What’s your ideal vision of what the EPI department will look like in five years?
I want the best people entering the field to want to be here, to know that this is the place to learn the skills that they need to do their science. And no matter the science that they care about or feel passionately about, I want them to believe that this is the place that will support them in doing that work. When they’re accepted to BU or recruited here for a faculty, staff, or career development role, they should know that it is because we think their work is super-important and we believe they can excel here. And I hope they believe this is the place where they can get the skills and resources to do the work they care the most about.
It’s really hard to do good science. I want to make sure that we have an educational program that supports people at every phase. I’d love to see our alumni taking leadership roles in epidemiology and health research all across the country and internationally. That’s part of our role in public health, to train broadly, giving people the core skills and frameworks to do fantastic work wherever they are. I am excited about hiring faculty and I am very excited about our educational vision. It’s been a treat to talk to people and say, ‘Send me your best folks. We’re hiring.’
We are also hoping to think about how we’re funding students.

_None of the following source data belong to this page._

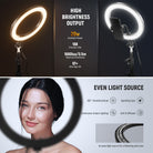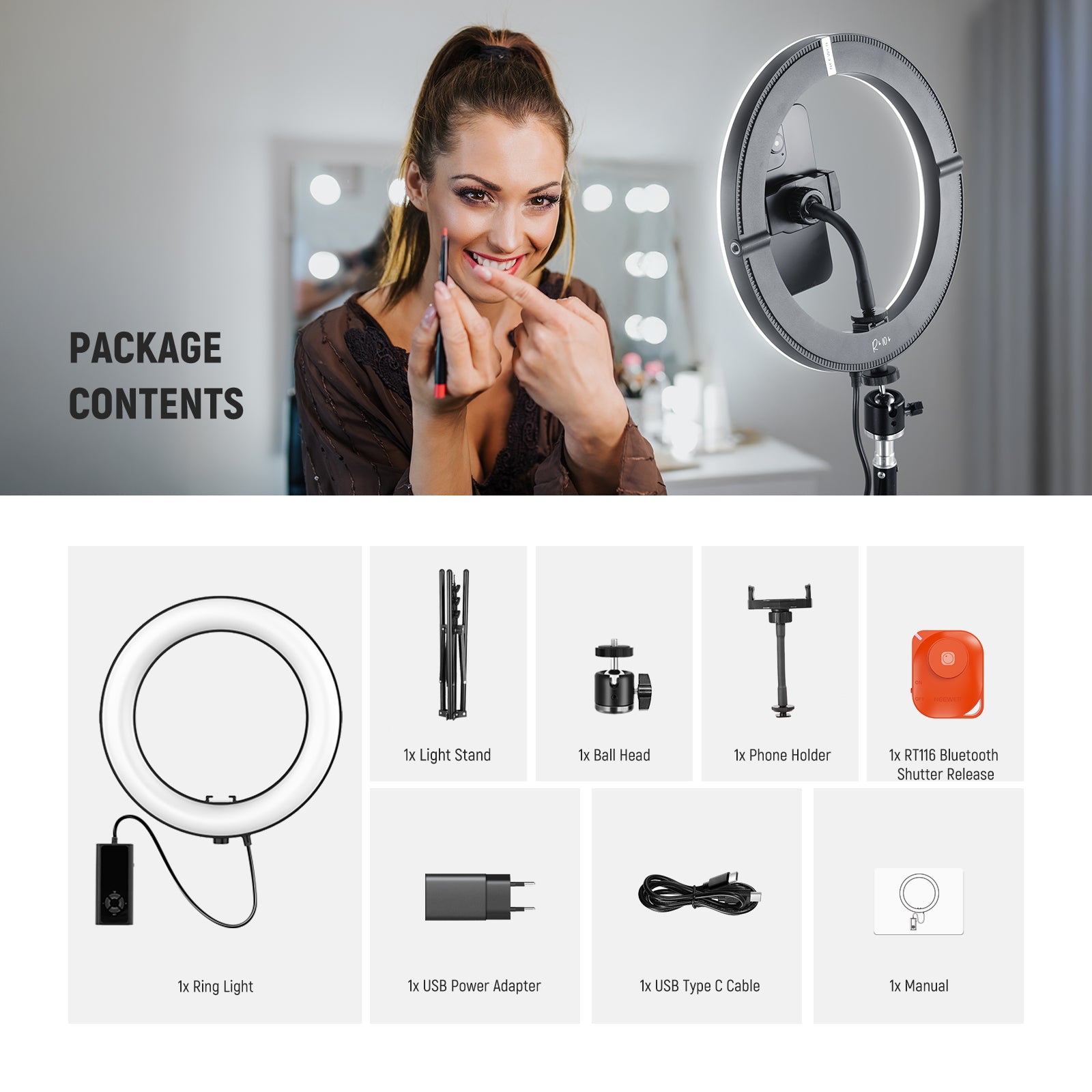 - Luce ad anello bicolore potente da 20 W : una potente luce ad anello circolare da 20 W come luce principale o di riempimento per trucco, estetista, extension per ciglia, tatuaggi, illuminazione per registrazioni video, streaming live, chiamate Zoom al computer, servizi fotografici, selfie e per filmare vlog sui social media TikTok. 168 LED (84 bianco freddo e 84 bianco caldo), oscuramento 0-100%, illuminamento 1660LX/0,5 m e CRI 97+/TLCI 98+ producono una sorgente luminosa brillante o morbida, diffusa e uniforme con una precisione del colore impeccabile.
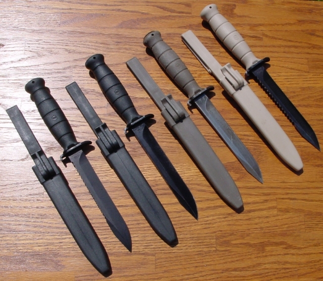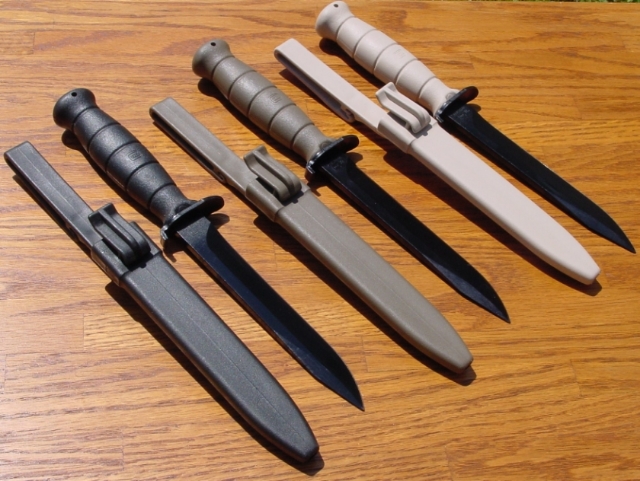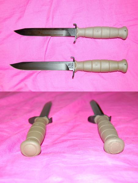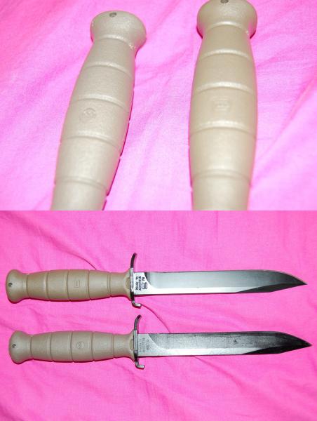Los cuchillos arena se introdujeron alrededor de 1990/1991 el nombre comercial para el color arena fue “Tormenta del desierto” y en ellos se utilizo el logo circular.
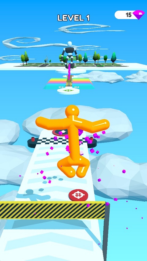 通过收集能量使火柴人角色动态变高变胖,膨胀后的角色呈现糖果般bulingbuling特效,体积越大越能摧毁关底机器人
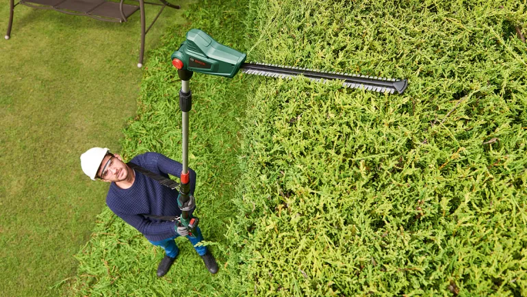 Ergonominen muotoilu mahdollistaa korkeiden pensasaitojen helpon trimmauksen.
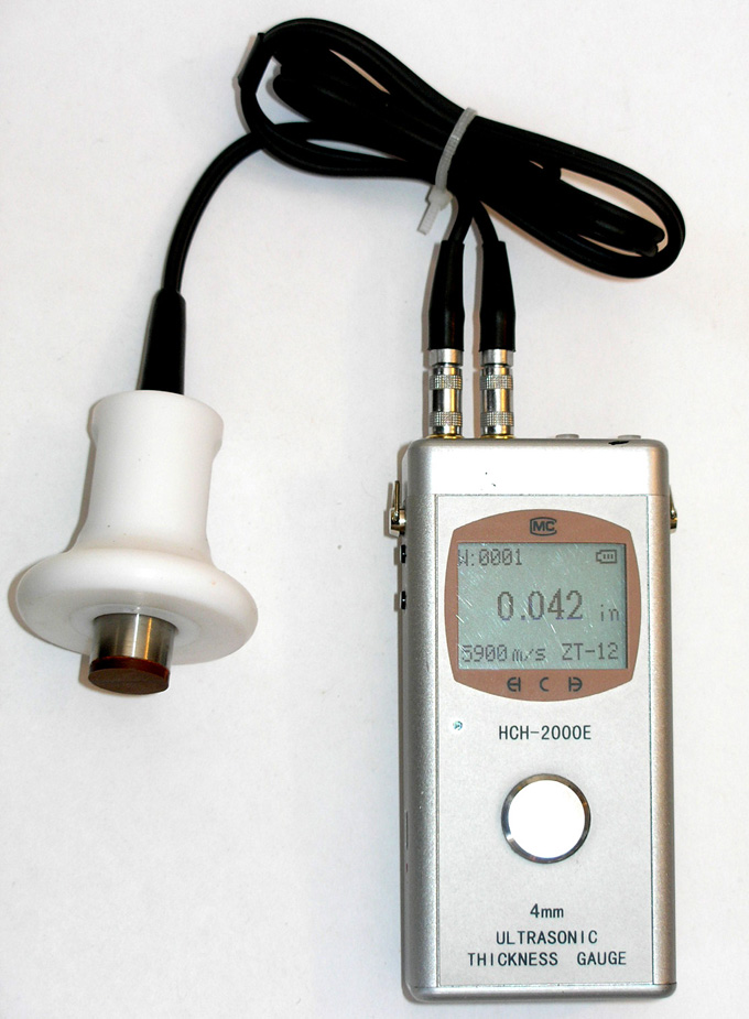 They take one of these and check the thickness of the metal,kinda like sonar.
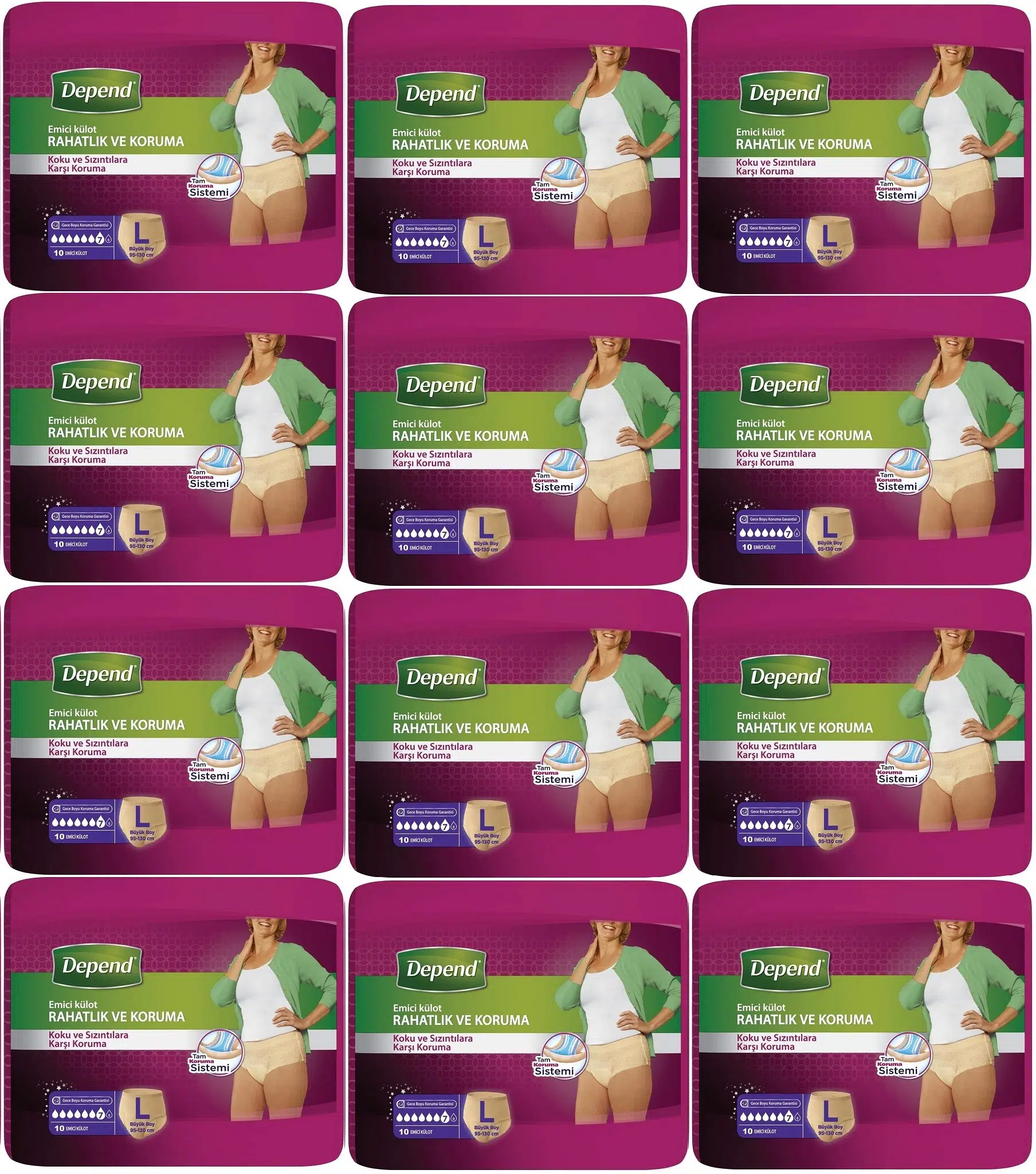 Depend Emici Külot Hasta Bezi Large - Büyük Kadın 120 Adet (12PK*10)

One of the challenges in funding students in public health—and this is not just BU, this is everywhere in EPI—is tying student funding to faculty research. One idea we’re discussing as faculty is how to get structured training grants and support for career development awards for students to help them work with earlier career faculty, and to help them pursue distinct research agendas separate from their work as research assistants.

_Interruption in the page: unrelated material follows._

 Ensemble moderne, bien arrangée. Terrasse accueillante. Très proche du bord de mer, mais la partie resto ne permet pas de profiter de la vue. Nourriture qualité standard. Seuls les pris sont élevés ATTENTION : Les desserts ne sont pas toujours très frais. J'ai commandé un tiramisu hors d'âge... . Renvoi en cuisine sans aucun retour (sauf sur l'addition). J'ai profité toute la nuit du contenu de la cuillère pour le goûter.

I think there’s often a sense that education is about the classwork, but that is obviously not only what is happening at a university. The classes are one part of it, but so much of what happens are the talks and spending time with your mentor, spending time with your peers problem solving and debating. I had a great conversation with Megan Healey and Ann Aschengrau about how we evaluate the educational programs. Our students are smart, highly energetic, devoted people, and our job is to give them guidance and help them get where they’re going.
What do you believe will be the biggest challenge when you step through the doors?
Like at any school of public health, there’s a lot of stress. There’s a lot of pressure to get grants and get papers finished. But at the end of the day, we’re here in a school of public health and we need each other. We need to collaborate. People can’t learn if they don’t admit what they don’t know. You need to make a space where people feel, ‘We are in this together. We’re learning stuff together. We’re figuring it out.’ And there’s a sense of camaraderie and connectedness about tackling the problems that we all care about.
It is a moment of real challenge for all of us in public health, and I am excited to be at BUSPH. I want to be able to create a space for all of us to come together and be intentional about the community we want to build, together.